Microsoft has been one of the leaders in developing language AI, such as text-to-speech solutions. The company’s latest effort is a Microsoft Research project that aims to generate comments from video clips
A project between Microsoft Research Asia and Harbin Institute of Technology proposes a new method of generating comments from videos. Previously, research has centered on encode-decoder models. While this has generated comments, the results are typically irrelevant to the video.
In a paper published on Arxiv.org, the Microsoft-led project discusses a model that using machine learning can better represents comments from video. In its experiments, the research team says the AI is better than current models.
You can check out the code for the project on GitHub. At the core of the AI is an ability to match relevant comments with videos from a study set to learn cross-modal representations. Microsoft Research and Harbin based the model on Google’s Transformers languages.
The resulting live automatic live commenting system is made of three main components:
- An encoder layer to convert modalities from a video and comment into vectors.
- A matching layer that learns the representation from each modality.
- And a prediction layer that measures the degree between a video and comment.
In other words, the model will “watch” a video with a time stamp and choose a comment from a candidate set. The AI is capable of finding the most relevant comment for the video at that time stamp. It does this by basing its prediction on other comments in the set, the visual aspect of the video, and the audio.

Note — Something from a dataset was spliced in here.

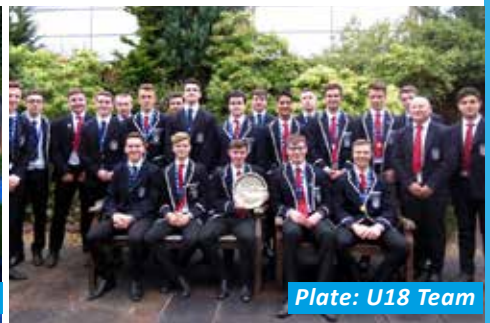
Plate: U18 Team
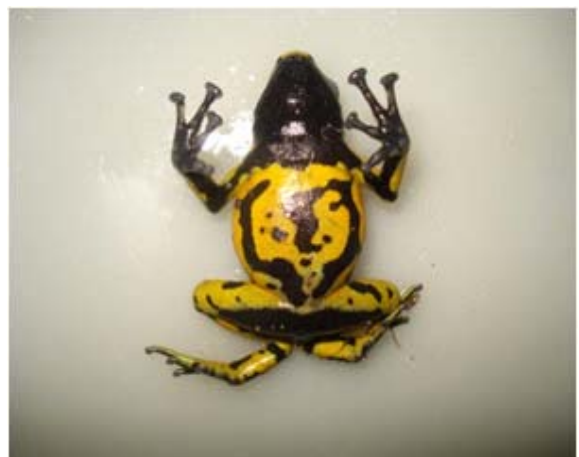
Figura 11. Dendrobates leucomelas .

To train the model, the researchers used a set comprised of 2,361 videos and 895,929 comments. All the information was taken from Bilibili, a Chinese streaming platform.
“[W]e believe the multimodal pre-training will be a promising direction to explore, where tasks like image captioning and video captioning will benefit from pre-trained models,” wrote the researchers. “For future research, we will further investigate the multimodal interactions among vision, audio, and text in … real-world applications.”